Weekend At Bernie's Almost Seemed 'Too Funny' While It Was Being Filmed
Ridiculously absurd. Cartoonish. Offensive, maybe? Those are just a few words to describe "Weekend at Bernie's," the 1989 dark comedy about two young professionals –
Larry (Andrew McCarthy) and Richard (Jonathan Silverman) — who drag their dead boss' corpse around an island to avoid being taken out by a hitman. Even some of the movie's cast members thought the idea was asinine. But it appears their attitudes changed when they started filming the movie, according to Andrew McCarthy's recollections (via The Hollywood Reporter):
"We thought it was funny s*** as we were doing it ... There's the old saying, 'If it's funny to you on set, it ain't going to be funny on screen,' but we found it really f****** funny. We loved Bernie, and we just wanted to do more s*** to him. So a lot of the s*** we just thought of on set. I love 'Bernie's.' I think it's great."
McCarthy talks more about "Weekend at Bernie's" and his life in his memoir, "Brat: An '80s Story," which he spoke to /Film about earlier this year.
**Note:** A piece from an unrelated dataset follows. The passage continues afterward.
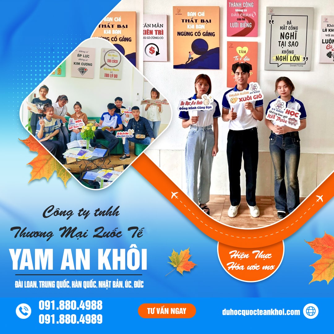 Công Ty Tnhh Thương Mại Quốc Tế Yam An Khôi tự hào là một trong những đơn vị hàng đầu trong lĩnh vực tư vấn du học tại Việt Nam. Chúng tôi cam kết mang đến cho học sinh, sinh viên những cơ hội học tập và trải nghiệm quốc tế chất lượng, góp phần xây dựng tương lai tươi sáng cho thế hệ trẻ Việt Nam. Với nhiều năm kinh nghiệm, Công Ty Tnhh Thương Mại Quốc Tế Yam An Khôi đã giúp hàng ngàn học sinh, sinh viên thực hiện ước mơ du học tại các quốc gia như Đài Loan, Trung Quốc, Hàn Quốc, Nhật Bản, Úc, Đức và nhiều nước khác. Chúng tôi hợp tác chặt chẽ với nhiều trường đại học, cao đẳng và tổ chức giáo dục danh tiếng trên toàn cầu.
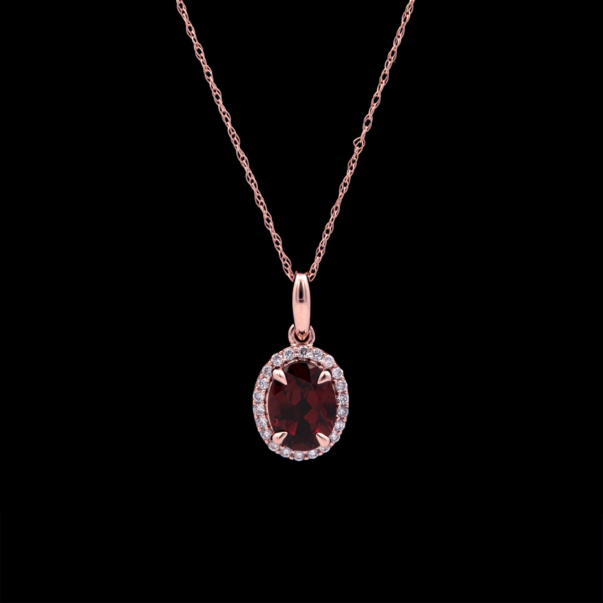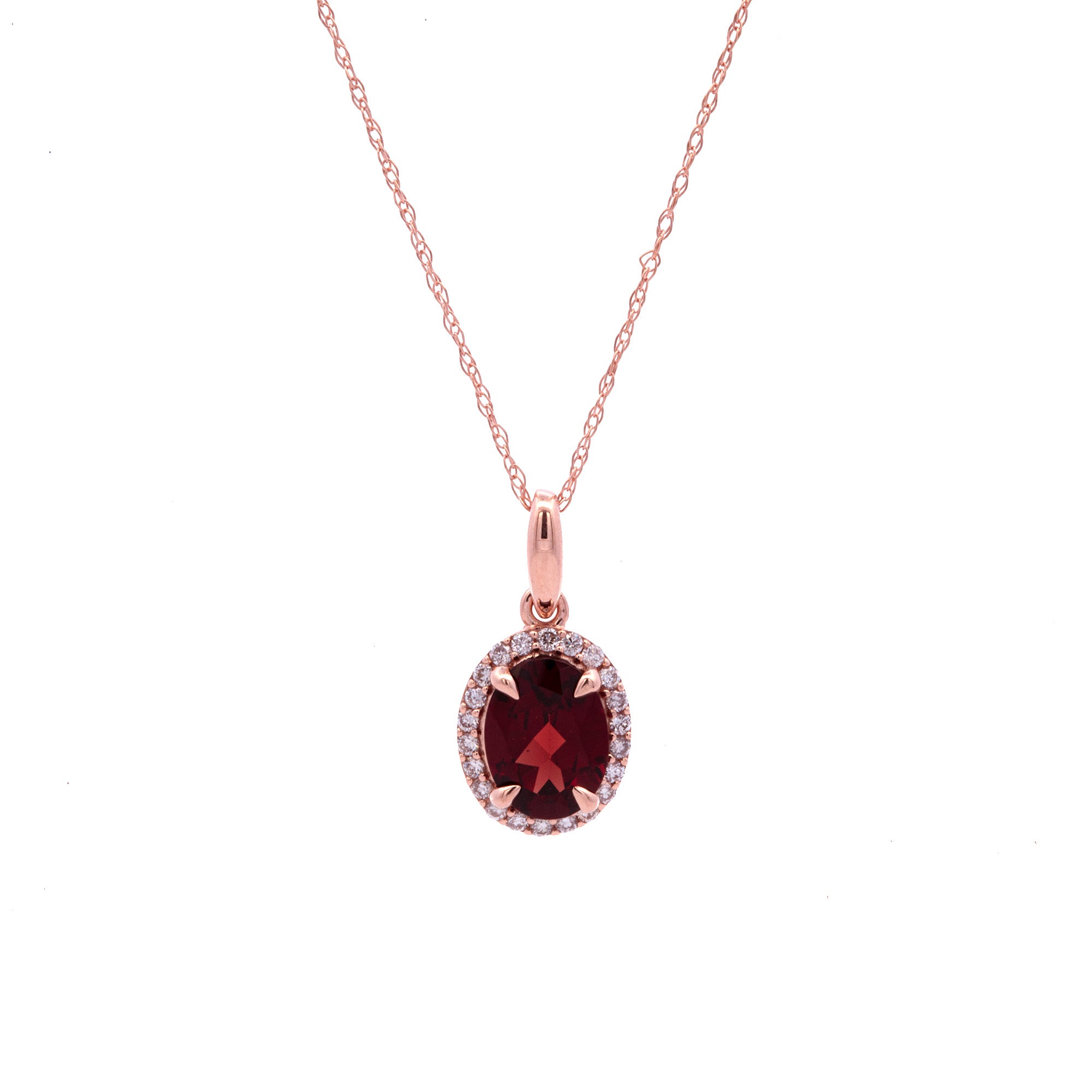 14K Rose Gold Garnet And Diamond Halo Pendant With 19 Inch Chain

I imagine working on the cult classic have to be some of the most fun he ever had; that fact they he got to be creative and spontaneously make up silly things to do to Bernie (Terry Kiser) is the cherry on top. Kiser, however, wasn't just dead weight that everyone got to play in the sand with, take bodysurfing, and throw off a balcony. He had a little fun himself.
Terry Kiser tried to make his co-stars break character
Terry Kiser is among the cast members who were unmoved by "Weekend at Bernie's" at first. "I thought, 'Well, this is a one-trick pony,'" he admitted to Mel Magazine in 2020. He didn't know it at the time, but he would be forced to come up with another trick for the pony.
In the first act, Kiser plays the top brass at a New York City insurance agency who is still very much alive and steals money from his own company. Fearful that Larry and Richard will uncover his dirty deeds, he sets them up to be murdered by the mob at his Hampton Island beach house. But he fools around with the mob boss' girlfriend and, in return, the mobster orders the hit on Bernie instead.
Filming moved to North Carolina for the Hampton Island scenes. There, Kiser realized he had no idea how to play a stiff. He saw the raw footage of his first scenes and thought, "No, it's not funny. He's just dead — it's not funny-dead." I imagine his portrayal was as ghoulish as the prank that possibly inspired the movie. To come up with a way to act "funny-dead," Kiser stayed up in his hotel working on a solution.
"I went back to Acting 101: 'What is this guy trying to do? Well, he's goofing on these guys.' So I decided I'm just going to goof on them all through the whole movie and see if I can break these guys up."
Around 3 a.m., he came up with the sly smirk Dead Bernie wears throughout the movie. The first time Kiser did it on set, he broke everyone into laughter: his fellow actors, the crew ... everyone. And that's when he knew the movie was going to be funny.